INPUT MATERIAL section start

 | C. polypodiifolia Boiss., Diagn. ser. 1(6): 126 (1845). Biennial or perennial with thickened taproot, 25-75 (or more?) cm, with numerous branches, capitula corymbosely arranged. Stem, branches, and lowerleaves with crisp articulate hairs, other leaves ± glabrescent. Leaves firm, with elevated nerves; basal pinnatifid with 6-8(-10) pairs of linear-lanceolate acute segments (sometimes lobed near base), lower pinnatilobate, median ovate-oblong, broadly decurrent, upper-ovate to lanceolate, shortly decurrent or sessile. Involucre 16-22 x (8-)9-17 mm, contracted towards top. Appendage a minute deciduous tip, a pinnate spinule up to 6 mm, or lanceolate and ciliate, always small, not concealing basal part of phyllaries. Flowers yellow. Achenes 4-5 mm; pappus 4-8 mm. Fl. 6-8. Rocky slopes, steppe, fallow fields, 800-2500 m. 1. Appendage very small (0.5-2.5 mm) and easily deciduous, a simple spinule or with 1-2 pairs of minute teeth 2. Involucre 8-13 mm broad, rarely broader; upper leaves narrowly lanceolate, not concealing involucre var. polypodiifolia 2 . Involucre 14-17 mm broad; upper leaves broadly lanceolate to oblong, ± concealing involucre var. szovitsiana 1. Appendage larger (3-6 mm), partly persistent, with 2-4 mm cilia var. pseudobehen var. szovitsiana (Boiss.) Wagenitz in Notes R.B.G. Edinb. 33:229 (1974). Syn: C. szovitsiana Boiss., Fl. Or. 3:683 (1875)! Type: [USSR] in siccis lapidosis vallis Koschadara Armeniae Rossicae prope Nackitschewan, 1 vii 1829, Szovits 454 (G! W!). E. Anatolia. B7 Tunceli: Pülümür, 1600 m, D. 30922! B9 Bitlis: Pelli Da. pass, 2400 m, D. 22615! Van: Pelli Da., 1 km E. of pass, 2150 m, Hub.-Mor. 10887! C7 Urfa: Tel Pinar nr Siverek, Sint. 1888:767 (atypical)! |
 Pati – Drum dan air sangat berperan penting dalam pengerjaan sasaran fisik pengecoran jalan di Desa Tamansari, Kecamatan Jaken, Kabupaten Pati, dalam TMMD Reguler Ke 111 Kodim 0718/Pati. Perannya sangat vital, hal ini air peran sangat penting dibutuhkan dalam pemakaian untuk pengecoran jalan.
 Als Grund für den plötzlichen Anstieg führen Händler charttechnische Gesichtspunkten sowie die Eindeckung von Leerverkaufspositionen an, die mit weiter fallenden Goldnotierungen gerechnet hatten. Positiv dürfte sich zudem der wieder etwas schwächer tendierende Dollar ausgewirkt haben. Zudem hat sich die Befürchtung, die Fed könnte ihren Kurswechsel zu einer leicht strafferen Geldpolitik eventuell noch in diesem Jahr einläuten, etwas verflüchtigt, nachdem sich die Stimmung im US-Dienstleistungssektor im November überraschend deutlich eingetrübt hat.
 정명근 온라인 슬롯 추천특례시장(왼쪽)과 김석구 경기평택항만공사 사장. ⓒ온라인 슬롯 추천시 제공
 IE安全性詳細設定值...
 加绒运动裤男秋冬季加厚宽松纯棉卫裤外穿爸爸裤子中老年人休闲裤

INPUT MATERIAL section end
INPUT MATERIAL section start

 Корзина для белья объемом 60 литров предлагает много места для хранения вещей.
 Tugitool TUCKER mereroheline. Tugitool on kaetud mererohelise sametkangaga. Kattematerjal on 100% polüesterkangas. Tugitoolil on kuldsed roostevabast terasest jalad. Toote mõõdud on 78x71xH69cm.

INPUT MATERIAL section end

ABOUT THIS TASK: In the material above, find the line containing "1888:767 (atypical)! |" and the line containing "Pati – Drum", then write out exactly those two lines and every line between them, and nothing more.

RESULT FOR THIS EXERCISE:
 | C. polypodiifolia Boiss., Diagn. ser. 1(6): 126 (1845). Biennial or perennial with thickened taproot, 25-75 (or more?) cm, with numerous branches, capitula corymbosely arranged. Stem, branches, and lowerleaves with crisp articulate hairs, other leaves ± glabrescent. Leaves firm, with elevated nerves; basal pinnatifid with 6-8(-10) pairs of linear-lanceolate acute segments (sometimes lobed near base), lower pinnatilobate, median ovate-oblong, broadly decurrent, upper-ovate to lanceolate, shortly decurrent or sessile. Involucre 16-22 x (8-)9-17 mm, contracted towards top. Appendage a minute deciduous tip, a pinnate spinule up to 6 mm, or lanceolate and ciliate, always small, not concealing basal part of phyllaries. Flowers yellow. Achenes 4-5 mm; pappus 4-8 mm. Fl. 6-8. Rocky slopes, steppe, fallow fields, 800-2500 m. 1. Appendage very small (0.5-2.5 mm) and easily deciduous, a simple spinule or with 1-2 pairs of minute teeth 2. Involucre 8-13 mm broad, rarely broader; upper leaves narrowly lanceolate, not concealing involucre var. polypodiifolia 2 . Involucre 14-17 mm broad; upper leaves broadly lanceolate to oblong, ± concealing involucre var. szovitsiana 1. Appendage larger (3-6 mm), partly persistent, with 2-4 mm cilia var. pseudobehen var. szovitsiana (Boiss.) Wagenitz in Notes R.B.G. Edinb. 33:229 (1974). Syn: C. szovitsiana Boiss., Fl. Or. 3:683 (1875)! Type: [USSR] in siccis lapidosis vallis Koschadara Armeniae Rossicae prope Nackitschewan, 1 vii 1829, Szovits 454 (G! W!). E. Anatolia. B7 Tunceli: Pülümür, 1600 m, D. 30922! B9 Bitlis: Pelli Da. pass, 2400 m, D. 22615! Van: Pelli Da., 1 km E. of pass, 2150 m, Hub.-Mor. 10887! C7 Urfa: Tel Pinar nr Siverek, Sint. 1888:767 (atypical)! |
 Pati – Drum dan air sangat berperan penting dalam pengerjaan sasaran fisik pengecoran jalan di Desa Tamansari, Kecamatan Jaken, Kabupaten Pati, dalam TMMD Reguler Ke 111 Kodim 0718/Pati. Perannya sangat vital, hal ini air peran sangat penting dibutuhkan dalam pemakaian untuk pengecoran jalan.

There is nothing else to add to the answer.